L’arret Benjamin, 19 mai 1933
La liberté de réunion
Conseil d’Etat
statuant
au contentieux
N° 17413 17520
Publié au Recueil Lebon
M. Ingrand, Rapporteur
M. Michel, Commissaire du gouvernement
M. Tissier, Président
Lecture du 19 mai 1933
REPUBLIQUE FRANCAISE
AU NOM DU PEUPLE FRANCAIS
Vu les requêtes et les mémoires ampliatifs présentés pour le sieur Benjamin [René], homme de lettres, demeurant à Paris, 111 Boulevard Saint-Michel et pour le Syndicat d’initiative de Nevers [Nièvre] représenté par son président en exercice, lesdites requêtes et lesdits mémoires enregistrés au Secrétariat du contentieux du Conseil d’Etat les 28 avril, 5 mai et 16 décembre 1930 tendant à ce qu’il plaise au Conseil annuler deux arrêtés du maire de Nevers en date des 24 février et 11 mars 1930 interdisant une conférence littéraire ;
Vu la requête présentée pour la Société des gens de lettres, représentée par son délégué général agissant au nom du Comité en exercice, tendant aux mêmes fins que les requêtes précédentes par les mêmes moyens ; Vu les lois des 30 juin 1881 et 28 mars 1907 ; Vu la loi du 5 avril 1884 ; Vu les lois des 7-14 octobre 1790 et 24 mai 1872 ;
Considérant que les requêtes susvisées, dirigées contre deux arrêtés du maire de Nevers interdisant deux conférences, présentent à juger les mêmes questions ; qu’il y a lieu de les joindre pour y être statué par une seule décision ;
En ce qui concerne l’intervention de la Société des gens de lettres : Considérant que la Société des gens de lettres a intérêt à l’annulation des arrêtés attaqués ; que, dès lors, son intervention est recevable ;
Sur la légalité des décisions attaquées : Considérant que, s’il incombe au maire, en vertu de l’article 97 de la loi du 5 avril 1884, de prendre les mesures qu’exige le maintien de l’ordre, il doit concilier l’exercice de ses pouvoirs avec le respect de la liberté de réunion garantie par les lois des 30 juin 1881 et 28 mars 1907 ;
Considérant que, pour interdire les conférences du sieur René Benjamin, figurant au programme de galas littéraires organisés par le Syndicat d’initiative de Nevers, et qui présentaient toutes deux le caractère de conférences publiques, le maire s’est fondé sur ce que la venue du sieur René Benjamin à Nevers était de nature à troubler l’ordre public ;
Considérant qu’il résulte de l’instruction que l’éventualité de troubles, alléguée par le maire de Nevers, ne présentait pas un degré de gravité tel qu’il n’ait pu, sans interdire la conférence, maintenir l’ordre en édictant les mesures de police qu’il lui appartenait de prendre ; que, dès lors, sans qu’il y ait lieu de statuer sur le moyen tiré du détournement de pouvoir, les requérants sont fondés à soutenir que les arrêtés attaqués sont entachés d’excès de pouvoir ;
DECIDE :
DECIDE : Article 1er : L’intervention de la Société des Gens de Lettres est admise.

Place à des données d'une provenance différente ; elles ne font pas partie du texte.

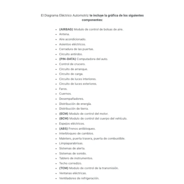 El Diagrama Eléctrico Automotriz te incluye la gráfica de los siguientes componentes:
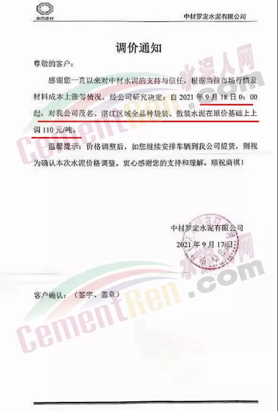 中材羅定水泥有限公司通知,自9月18日0時起,公司茂名、湛江區(qū)域全品種水泥上調(diào)110元/噸。

Article 2 : Les arrêtés susvisés du maire de Nevers sont annulés. Article 3 : La ville de Nevers remboursera au sieur René Benjamin, au Syndicat d’initiative de Nevers et à la Société des Gens de Lettres les frais de timbre par eux exposés s’élevant à 36 francs pour le sieur Benjamin et le Syndicat d’initiative et à 14 francs 40 pour la Société des Gens de Lettres, ainsi que les frais de timbre de la présente décision. Article 4 : Expédition … Intérieur.
Analyse du Conseil d’Etat
Par l’arrêt Benjamin, le Conseil d’État donne toute sa portée à la liberté de réunion, consacrée par les lois des 30 juin 1881 et 28 mars 1907 en exerçant un contrôle rigoureux des atteintes qui peuvent légalement lui être portées par des mesures de police, notamment pour le maintien de l’ordre public. Comme l’indiquait le commissaire du gouvernement, suivant une formule souvent reprise : « la liberté est la règle, la restriction de police l’exception. »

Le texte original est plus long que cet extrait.